From the general standpoint, the K-S test measures whether the two distributions are identical. I don't see a sound reason why a person and his socket puppet would have the identical distributions. I would expect them to be different. Say, one username may be used to perform routine WP edits, such as minor spell corrections, copy-edits, tending to your favorite articles, etc; while the socket-puppet would be used for altogether different activities: disruptive edits, vandalisms, flaming the talk pages, and so on. These two different activities may have different time patterns to them. What you really need to test is not the equality of distributions, but rather their dependence or independence. // stpasha » 01:29, 7 May 2010 (UTC)[reply]

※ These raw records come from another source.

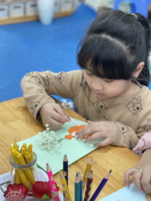 Khi tham gia buổi trải nghiệm ,với những thao tác, kỹ năng và sự khéo léo, trẻ rất hào hứng, tích cực để trang trí những tấm bưu thiếp của mình. Hoạt động không chỉ giúp trẻ thấy được ý nghĩa của ngày 8/3 mà qua đó còn bồi dưỡng cảm xúc và tình cảm xã hội cho trẻ giúp trẻ biết thể hiện sự quan tâm, yêu quý, kính trọng của trẻ với bà, với mẹ yêu quý của mình.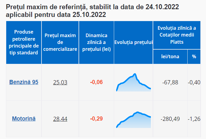 Национальное агентство по регулированию в энергетике (НАРЭ) опубликовало новые максимальные цены на топливо в Молдове на 25 октября. Цены на топливо снижаются.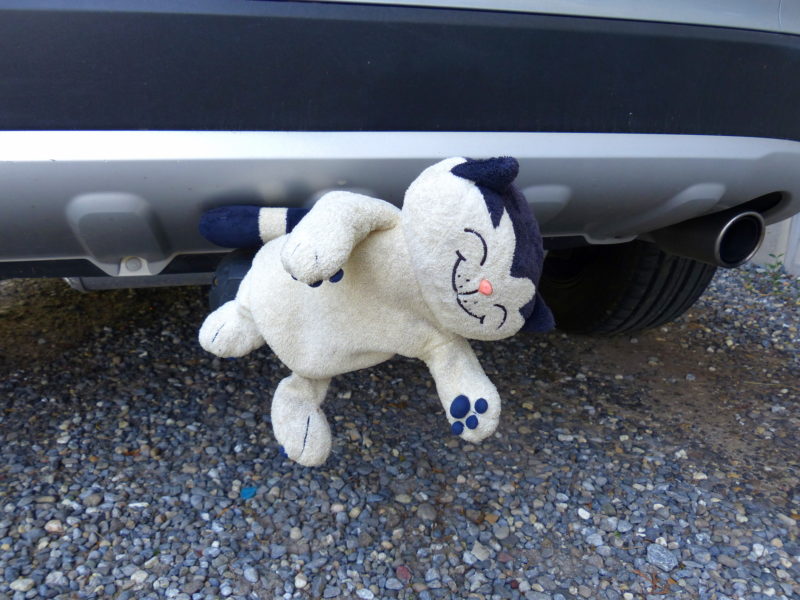 Was für eine niedliche Mieze. Wie lange mag die noch an der Anhängerkupplung hängen? Sie sieht tarsächlich aus, als wäre sie leicht berauscht. *bg*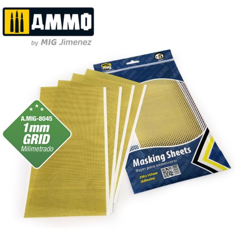 Masking Sheets 1mm Grid (x5 sheets, 290mm x 145mm, adhesive)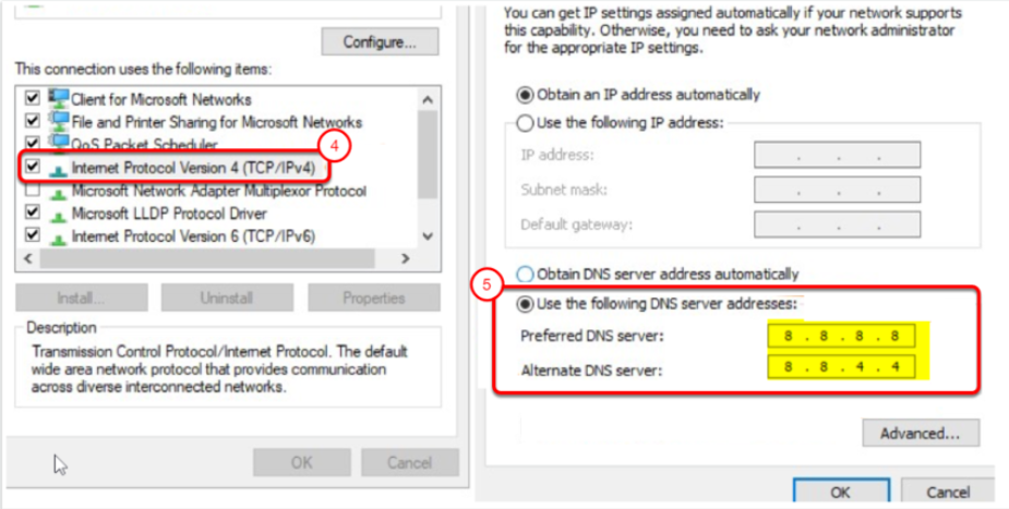 - IPv4 için: 8.8.8.8 ve 8.8.4.4.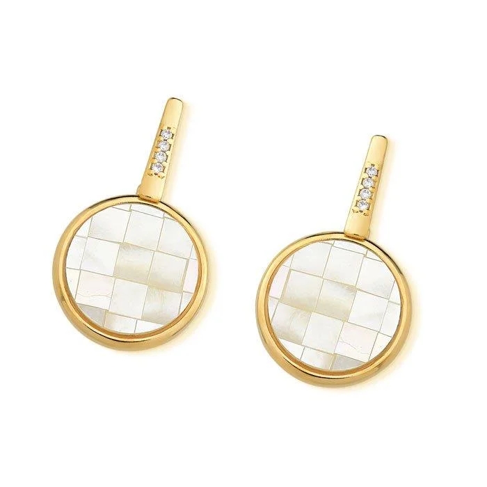 Brinco banho de ouro com base reta com micro zircônias cravejadas e pêndulo redondo com mosaico de madrepérola.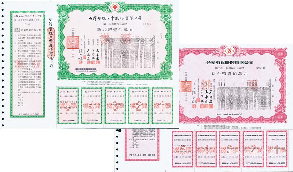 1999年台湾债券2种,详分:台湾塑胶工业股份有限公司第一次有担保公司债新台币壹佰万元、台塑石化股份有限公司第二次(有担保)公司债新台币壹佰万元,票上董事长均为台湾首富王永庆氏;此二种均属样张,内有水印,九五成新

Hi thanks for the feedback. Unfortunately for some reason, I missed this on my watchlist. Yes, the article could have been better written; it was a rough draft that I somewhat hastily decided to move into WP after certain events. In retrospect, this was a mistake. However I do want to comment on some of the general criticism of the method itself in slow time. The analytic technique is a variant of one that I've worked with elsewhere professionally. I would prefer to discuss general users, say A and B. (U and D were two specific users). Yes I am collecting time interval date for transition interval, but for this test the data was collected over a 2-year period. I agree that the (2-sample) KS test applies to the comparison of 2 samples and not to the methods for measurement of individual data within those samples. As you say if I am comparing two roles then the events associated with these respective rolls would reflect the nature of those rolls, which is why I can't make general assumptions about posting patterns within rolls. What I am looking at is an estimate for the transition time between the two rolls, that is their hand-off interval if they are two coordinated individuals or the roll-switch if it is one individual executing the two rolls. My base dataset is a set of "hand-offs" from A to B taken over a two year period, say, and I want to test the distribution of this hand-off. However, there isn't a sound basis for predicting a parametric model for this, so can I derive an alternative estimator? I want to to discuss the approach in more detail and avoid commenting on specific dataset pairs. Give me a week or so to think about this and I'll post back some supporting data for a general population. -- TerryE (talk) 10:12, 14 May 2010 (UTC)[reply]